Great bog post! But plzz dont try such a thing again.. it cant be safe all the time!
[...] from Goregaon to Mount Mary Church, Bandstand Posted in April 2nd, 2008 by in Uncategorized A journey from Goregaon to Mount Mary Church, Bandstand At 2:00 am when I reached back home, I emptied my wallet (credit card, debit cards, too much cash, [...]
A very appealing post… Looks lik ur exploring another career option, “PHOTOGRAPHY”. I ll join u if u need assistance [:)]
You remind me of Mumbai!
Hey Aseem!!
1st of all, good that u r back to blogging! :-)
2nd, that was a suppperb trip u took!!congrats man!! I am so jealous!! :-)
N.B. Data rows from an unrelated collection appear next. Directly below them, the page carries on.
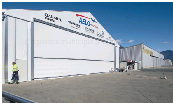
Da anni si attende il nullaosta da Berna, ma per ora nessun segnale dalla capitale

I temi in vista dell'assemblea dell'Associazione
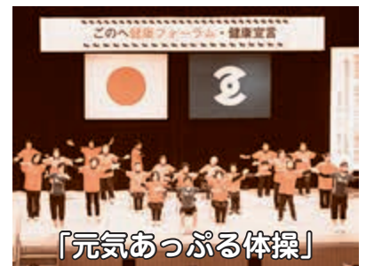
「元気あっがる体操」

五戸町では、このへ健康フォーラム・健康宣言を平成29年11月23日に行いました。町民の取り組み目標とし「健康への五つの戸(と)」を掲げ、「健やかでこころ豊かな五戸町」を目指すことを宣言しました。五つの戸の中の一つとして運動があります。「めんどくさい」「時間がない」を言い訳せず、生活の中でちょこまか動き、1日8,000歩を目標に、体を動かす時間を10分増やし生活習慣の改善につなげる扉を開きましょう。
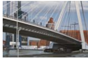
Erasmusbrug, 40x60 cm, € 1650,-
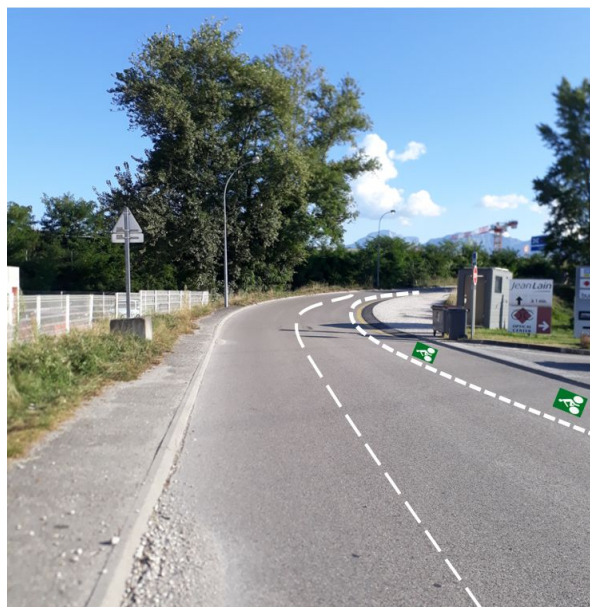
Rue du Borolan : BC sens montant

Pour finir, une reprise de peinture des aménagements cyclables ainsi qu'un élargissement de certaines bandes cyclables, particulièrement dans le sens Sud-Nord serait à envisager rapidement.
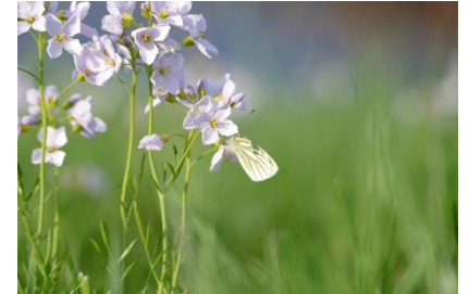
April: E. Solte
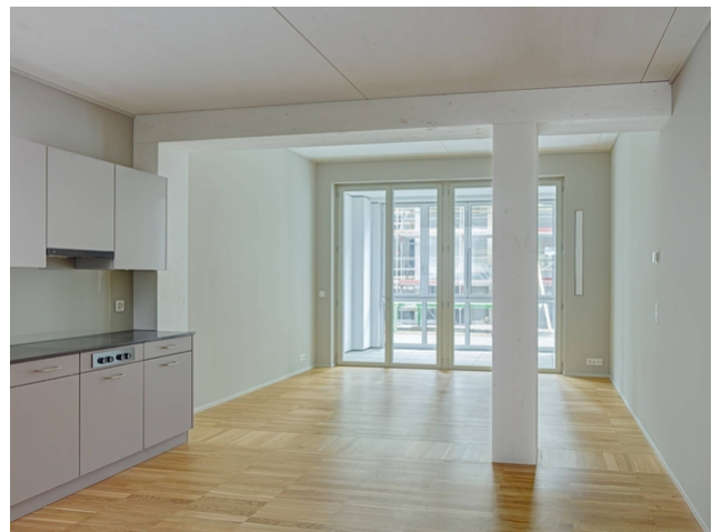
Innenansicht der fertigen Wohnung
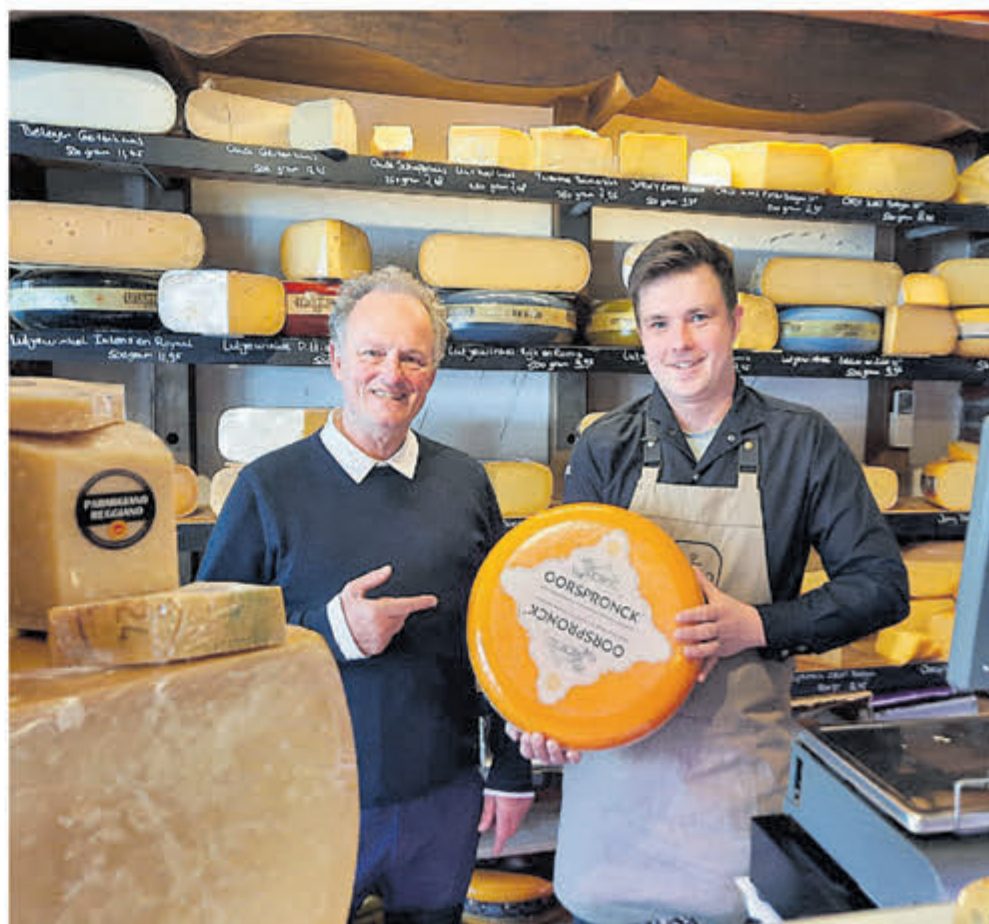
'Pondje graskaas voor de Voedselbank Velsen.

Vragen, een overlijden melden? 06 300 93 482 info@pattyduijn.nl — www.pattyduijn.nl
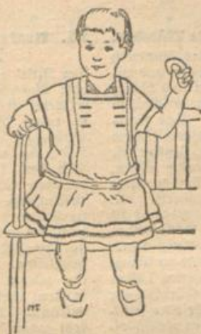
13. Mittelkleid für kleine Kinder.

Was vom Volkslied gilt, das gilt auch vom Kinderlied: auch für dieses ist kennzeichnend das Unbekanntsein des Verfassers; ohne Pflege sproßt es wie Feld- und Waldblumen hervor, ein gemeinsames Erbe der ganzen, deutschen Kinderwelt. Was die Mutter den Kindern singt zur Unterhaltung, das wird von ihnen aufgenommen und umgeformt, sie schaffen in der Freude am Klange, aus der übersprudelnden Fülle ihrer kindlichen Phantasie. Seine Stoffe wählt das Kind aus der umgebenden Natur, die Tiere sind seine Freunde, es singt vom Wind und vom Wetter, vom Baum im Walde und dem Grassalm auf dem Feld. Es hat oft Freude am Klingklang der Silbenspieleret, es formt auch Spott- und Flügengedichte. Und mehr noch wie beim Lied der Erwachsenen findet sich beim Kinde zu Wort und Lied auch Spiel und Tanz; das Kind will im Spiel darstellen, was es erlebt und fröhliche Bewegung ist ihm Lebensbedürfnis.
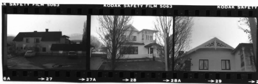
I fr. n o
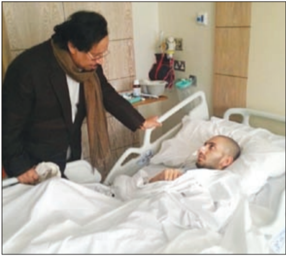
سمو رئيس الوزراء الشيخ جابر المبارك يطمئن على أحد المرضى

زار سمو رئيس مجلس الوزراء الشيخ جابر المبارك خلال تواجده في العاصمة البريطانية أمس عدداً من المرضى الكويتيين الذين يتلقون علاجهم في المستشفيات البريطانية، واطمأن سموه على أحوالهم الصحية، متمنياً لهم الشفاء بإذن الله والعودة إلى أهلهم وذويهم سالمين. كما زار سموه عدداً من العسكريين من كتيبة المغاوير الذين يواصلون علاجهم إثر تعرضهم لحادث في معسكر الأديرع، وأعرب سموه عن تمنياته لهم بالشفاء والعودة إلى أرض الوطن.
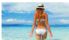
Moda e Bellezza: consigli e segreti
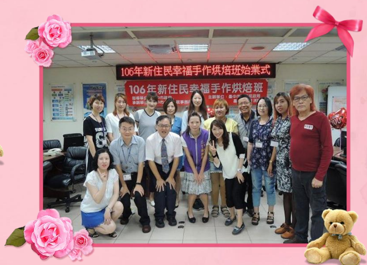
106 年新住民幸福 手作烘焙班
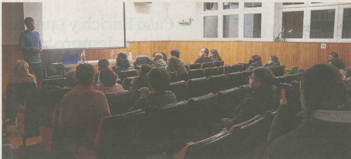
Osasun Haziak taldeak antolatutako hitzaldietako bat. ANDER SALEGI
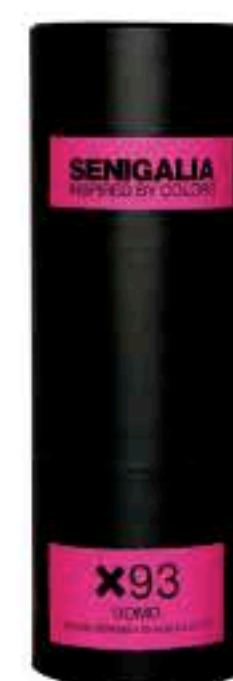
UOMO X93 SAUVAGE ELIXIR

Madera + Acuatico Pimienta Rosa, Vetiver, Sándalo, Pachuli.
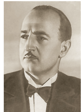
Д. Г. Бадридзе

БАДРИДЗЕ Давид (Датико) Георгиевич (23.03(04.04).1899, Кутаиси — 26.01.1987, Москва), оперный певец (лирический тенор), народный артист Грузинской ССР (1943), лауреат Сталинской премии I степени (1950). Получил высшее образование на медицинском факультете Тифлисского университета, затем учился в Тифлисской консерватории по классу Е. А. Вронского. С 1926 по 1934 и с 1941 по 1944 солист Тбилисского театра оперы и балета, с 1934 по 1936 солист Свердловского театра оперы и балета. В марте 1936 выступал в Челябинске. В 1936—1941 и 1944—1948 солист ГАБТ. В 1948 оставил сцену.
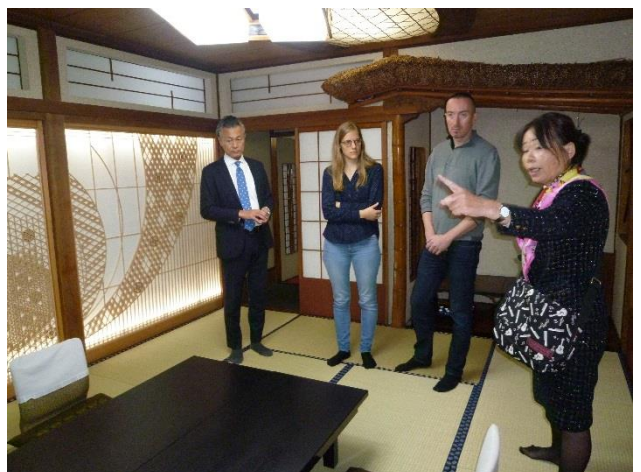
宇喜世様での建物案内

去る11月6日(火)～10日(土)にかけて、フランス旅行会社2社を「百年料亭」へお招きしました。新潟県と山形県へご案内し市内観光と地域文化に触れていただき、更に、百年料亭4軒で料亭料理を堪能されました。上越市では、7日に着物を着付けし、雁木通いを散策しながら古民家喫茶店で休憩し、和菓子店ではとてもきれいで素敵な和菓子を食べながらお菓子について説明を聞きました。また、寺院では「座禅」が殊の外「興味」を示され楽しんでおられました。宇喜世での意見交換で「日本ツアー」を組むときは日本旅行社と手を組んで通訳案内士を依頼している、とのことでした。
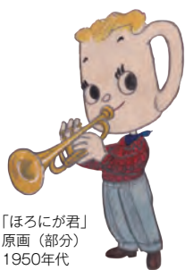
「ほろにが君」 原画（部分） 1950年代
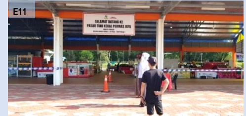
Pasar Tani Kekal Permas Jaya, Johor

Pasar Basah dan Kering : Wet and Dry Market Menempatkan aktiviti penjualan barangan makanan harian seperti ikan, sayur-sayuran, buah-buahan dan sebagainya. (e 17 )
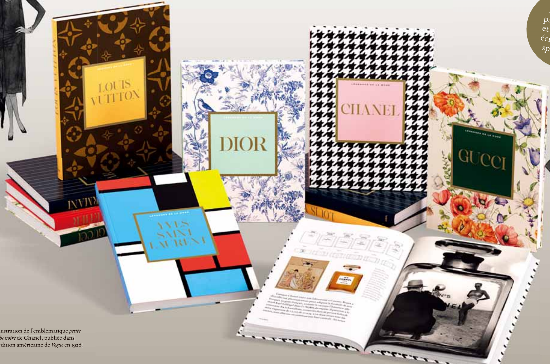
Illustration de l'emblématique petite robe noire de Chanel, publiée dans l'édition américaine de Vogue en 1926.

Des textes passionnants et rigoureux, écrits par des spécialistes
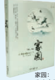
家园: 生态多样性的中国

3rd, nice photographs!! Kudos to ur skills, and ofcourse, to the aura of mumbai!
dude, grt trip. it reminded me of a similar trip i took just about 3 weeks ago when i was in bombay for 2 days, me n fren took a similar self guided mumbai darshan of da fort area, roaming der da ntre nght from marine lines to dagateway n back to churchgate. nywys grt blog. keep it up dude see u
You are getting better on Photography… seriously..
@Maltesh – Aah… that tells me that before I must have been terribly bad at it!
Not that u wer bad, but just that u nevva tried clikin one as u always said ur hands shaked…
stable now..?
Was very impressed.
Keep up the good work.
Hey Aseem!
Didnt know u could get so bold! man! walking in mumbai at 2:00 am!!
wish i could’ve done it! :P
But philosophically speaking.. what u did is what every one does in theri lives.. Phases where u dont know where u want to go to the times when its crystal clear what ur doing- and during all this we must take time to look around and see what goes on around us!!!
Hi Anjali…
I am sorry I cudnt reply earlier… I have been away from my blog for ages now…
Hehe thanks for the encouraging words… but believe me its no sane thing to do. I was only lucky that I didnt get looted or something. But yes… everyone gets into these lows in life and you need to figure out for your own good how to manage them.
I am glad mine is over for now… :). But if it does come back… I probably know what to do ;)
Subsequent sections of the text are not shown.